Okay. So I took your suggestion of switching to matrix power to iterate the matrix. I reformulated the input data in terms of “events” and used `matrix_power`

to skip from event to event. The inner loop looks like this now:

```
profile("rollout") {
for (e in 1:N_events){
int p = event_pt[e];
c_pred[e] = (c_prev[p] * matrix_power(K[p], event_t[e]-t_prev[p])) + c_in[e];
c_prev[p] = c_pred[e];
t_prev[p] = event_t[e];
}
}
```

On two patients with 14 events per patient (one dose and 13 observations), we get:

#
Testing matrix exponentiation vs. repeated multiplication

###
Using `matrix_power`

in the inner loop

```
Elapsed Time: 47.49 seconds (Warm-up)
46.731 seconds (Sampling)
94.221 seconds (Total)
name,thread_id,total_time,forward_time,reverse_time,chain_stack,no_chain_stack,autodiff_calls,no_autodiff_calls
rollout,140320908879680,86.6827,31.1306,55.5522,12200936,59895504,138647,1
```

I haven’t gotten to being slick about re-using `matrix_power`

results as you suggested because it’s pretty complicated and wanted to report back with this result first.

###
Using raw matrix multiplication in the inner loop

```
Elapsed Time: 148.353 seconds (Warm-up)
162.844 seconds (Sampling)
311.197 seconds (Total)
name,thread_id,total_time,forward_time,reverse_time,chain_stack,no_chain_stack,autodiff_calls,no_autodiff_calls
rollout,139920360060736,234.348,144.421,89.9264,1158389532,3475168596,160087,1
```

(I also tried manually removing the deepcopy from the C++ and that improved it about 10%).

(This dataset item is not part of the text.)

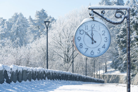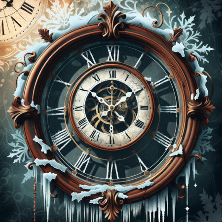 Close-up of a clock with ice dripping. The time is almost midnight.

Obviously, this isn’t quite as dramatic as I was hoping. And it makes me skeptical that it’s just a function of the number of matrix multiplications I’m doing.

As a comparison, the implementation with matrix multiplications in numpyro took 28 seconds.

##
What is actually slow?

Matrix multiplication itself on modern CPUs is *really* fast, right? Almost always it seems like if your task is slow, the problem is that your matrix math isn’t being done correctly (like you’ve got stray copies or whatever happening).

Obviously, Stan is also doing a lot more than just multiplying matrices (in particular tracking gradients seems like it’d be nontrivial), but that obscures from me why this is slow (and how numpyro is able to beat Stan by a factor of >10 for the iterated matrix case).

##
Eigendecomposition?

One thought I had is that

c_t+j = K^jc_{t} = (S^{-1}\Lambda S)^jc_{t} = S^{-1}\Lambda^j Sc_{t}

if S is the matrix of eigenvectors of K and \Lambda is the diagonal matrix of eigenvalues of K. So,

\Lambda = \begin{pmatrix}
\lambda_1 & 0 & 0 \\
0 & \lambda_2 & 0 \\
0 & 0 & \lambda_3
\end{pmatrix} ^ j = \begin{pmatrix}
\lambda_1^j & 0 & 0 \\
0 & \lambda_2^j & 0 \\
0 & 0 & \lambda_3^j
\end{pmatrix}

So \Lambda^j should be really fast to compute if you have an eigenvector eigenvalue decomposition of K. But I can only find `eigenvectors_sym`

(for symmetric matrices). Maybe this formulation would avoid some of the complexity in the gradients or something?

##
Vectorization

The loop

```
for (p in 1:N_pts){
for (t in 2:T) {
y_pred[p, t] += (y_pred[p, t-1] * K[p]);
}
}
```

ought to be vectorized as

```
for (t in 2:T) {
y_pred[:, t] += (y_pred[:, t-1] * K[:]);
}
```

or

```
for (p in 1:N_pts){
y_pred[p, 2:T] += (y_pred[p, 1:(T-1)] * rep_array(K[p], T-1));
}
```

Right? Neither of those code blocks compile though, of course…

Thoughts? Thanks for all your help guys!